The Experiment--OverviewWe are going to analyze how the spin of a ping pong ball affects its trajectory. Using Mr. Dickie's camera that captures a ridiculous 500 fps, we are going to be able to witness the amount of rpms (revolutions per minute) as the ball travels across the table. In theory, the more induced spin of a ball when it is hit, the more the ball will be move from side to side or up/down. We will be dealing with side spin because this is easier to track (you do not have to deal with gravity's affect in conjunction with the spin).
Materials
Ping pong table
Ping pong paddle
Ping pong ball (with colored quarters)
High Speed Camera
Spotlights
Regular Camera with video
Logger Pro for analysis
Procedure
The ping pong ball will be thrown at the player along the center line. The player will hit the ball, focusing on spinning it left. the ball will strike the player's side of the table before going over the net (which is against the rules of table tennis but the experiment is being performed this way so as to combine the spin from air friction and the spin after hitting the table). The ball will be tracked by two different cameras: Mr. Dickie's high speed camera and another regular one.

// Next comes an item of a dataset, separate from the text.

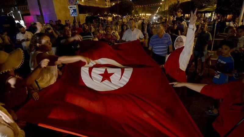 WATCH: Supporters of Tunisian President Kais Saied celebrate the almost certain victory of the "yes" vote in a referendum on a new constitution of Tunisia. #referendum pic.twitter.com/9evaVcx0Ij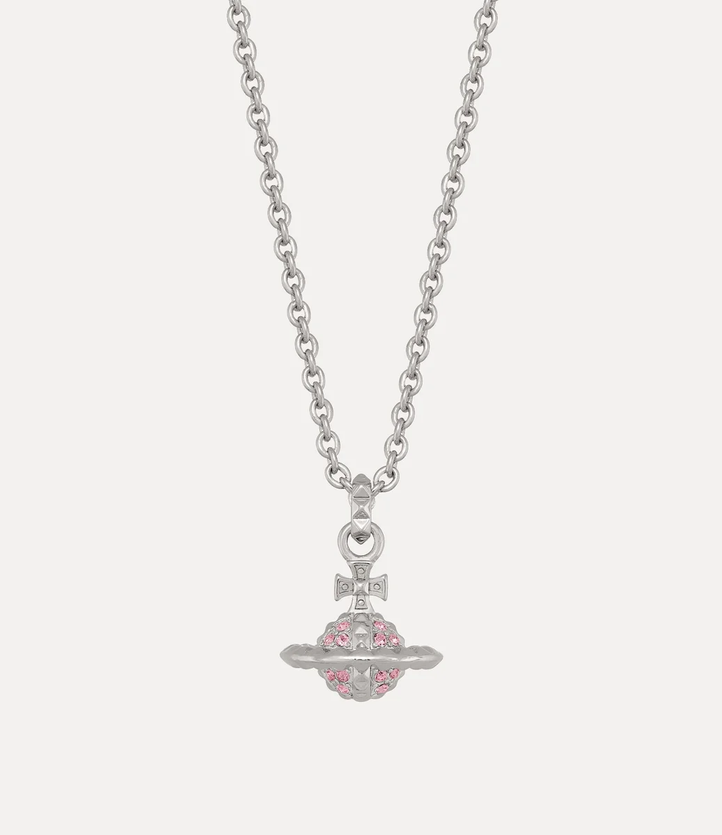 Il design della nostra collana con pendente Mayfair Small Orb si ispira al caratteristico emblema a forma di sfera, che incarna la filosofia di collegare il passato al futuro. Il gioiello presenta un pendente sferico tridimensionale impreziosito da cristalli color rosa chiaro e dettagli a borchie, che evocano il caratteristico approccio punk della maison.

The DataWe will use Mr. Dickie's high speed camera to see how fast the ball is spinning (revolutions per minute). From another camera's view, we will be able to determine the amount of time the ball is in the air. Combining this data, we will be able to estimate the amount of spins of the ball during it's journey. Also, either from the regular camera's view or an observer's measurement (which would be less precise), we will measure the displacement that the ball undergoes from its first bounce on the table to when it bounces on the opponents side. This will be measured as distance from the centerline because, ideally that is where the player will first hit the ball.
Also, from the regular camera, we will also be able to measure both the total time and distance that the ping pong ball travels. We know that the regulated size length of a ping pong table is 9ft. From this, we will be able to determine it's velocity.

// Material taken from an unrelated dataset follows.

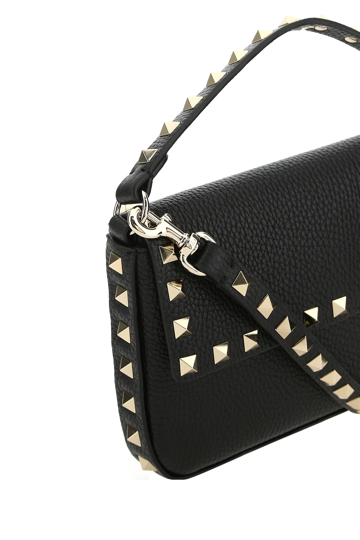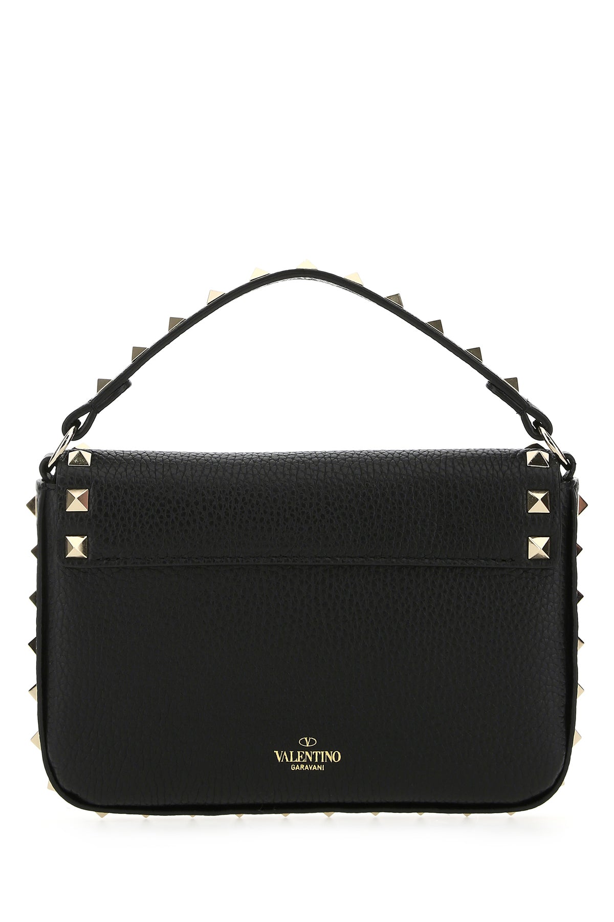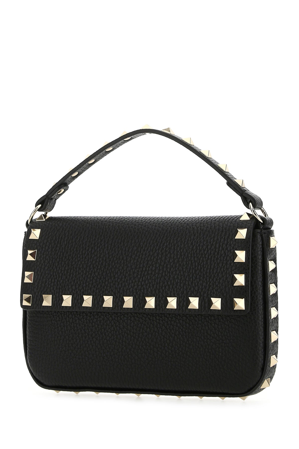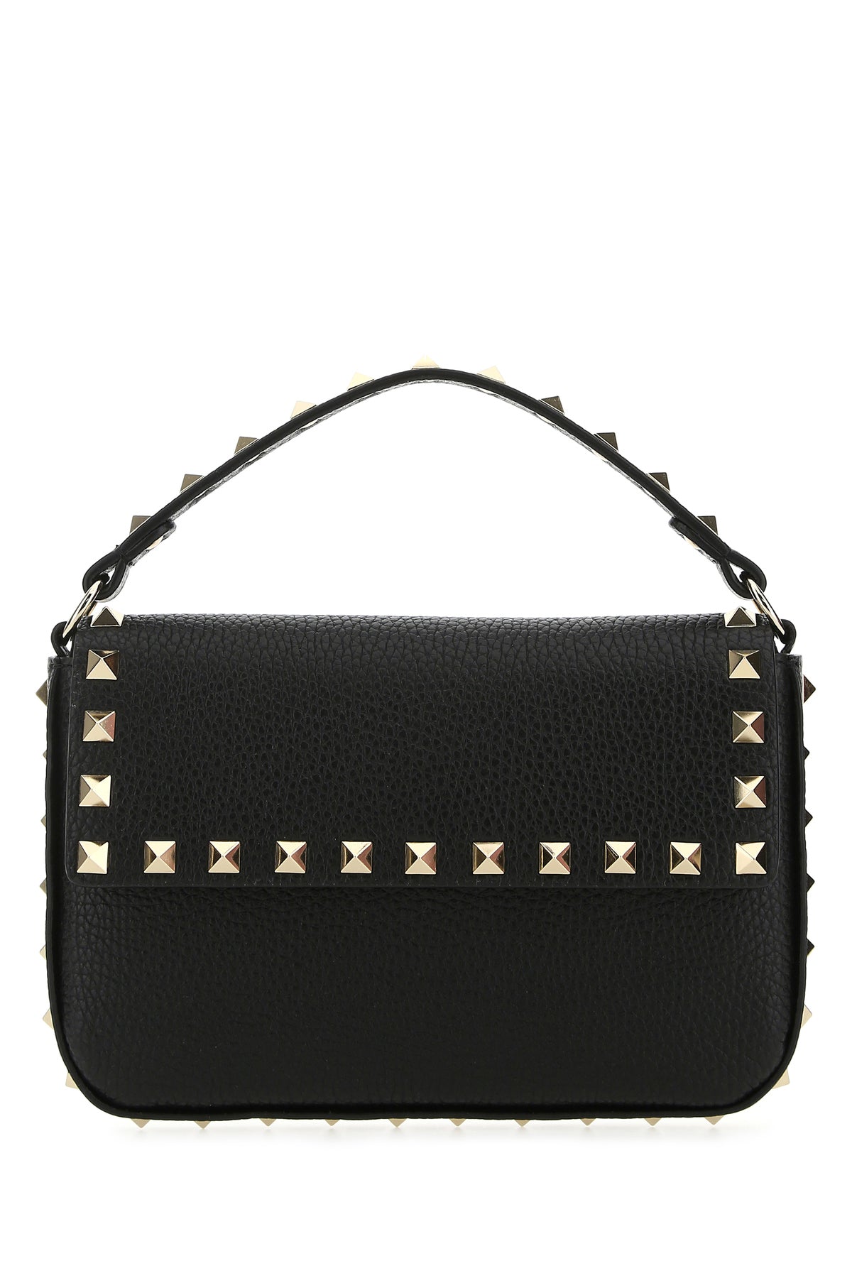 Handbag realized in grained calf leather characterized by printed logo at the back enriched by metal studs on the trimmings.

In addition, knowing the ball's diameter, we will know it's circumference. If we know how fast the ball is spinning (revolutions per minute) and the length of one revolution (circumference), we will theoretically be able to predict how fast arm needs to go sideways when hitting the ball forward.
Unrelated to this data, we know Brian Kaminski's and Duncan Miller's reaction time from the lab we did in class. We know the length of the table and the speed the ball must be traveling to get to the end of the table before the opponent can react. From this, we will be able to determine what makes the perfect smash unreturnable!Number CrunchWe can already guess that giving the ball more spin will give the ball more displacement. From our data we will be able to find some sort of ratio between the two (something like fifty spins through the air moves the ball one inch to the left).
From Mr. Dickie's high speed camera, we will count the number of frames that it takes to make one revolution. Knowing that it is capturing data at 250 fps, we can do a little dimensional analysis to find its rpms (revolutions per minute). Ultimately combining all of our data, we should be able to find the relationship between arm speed and ball displacement (something like sideways arm speed of 30 mph to the right moves the ball one inch to the left).
Using Logger Pro on the clips from the regular camera, we will be able to determine the ball's total distance traveled (we may have to use pythagorean's theorem) and the amount of displacement from the center. From the regular camera's frames per second, we will be able to find how long it is in the air for.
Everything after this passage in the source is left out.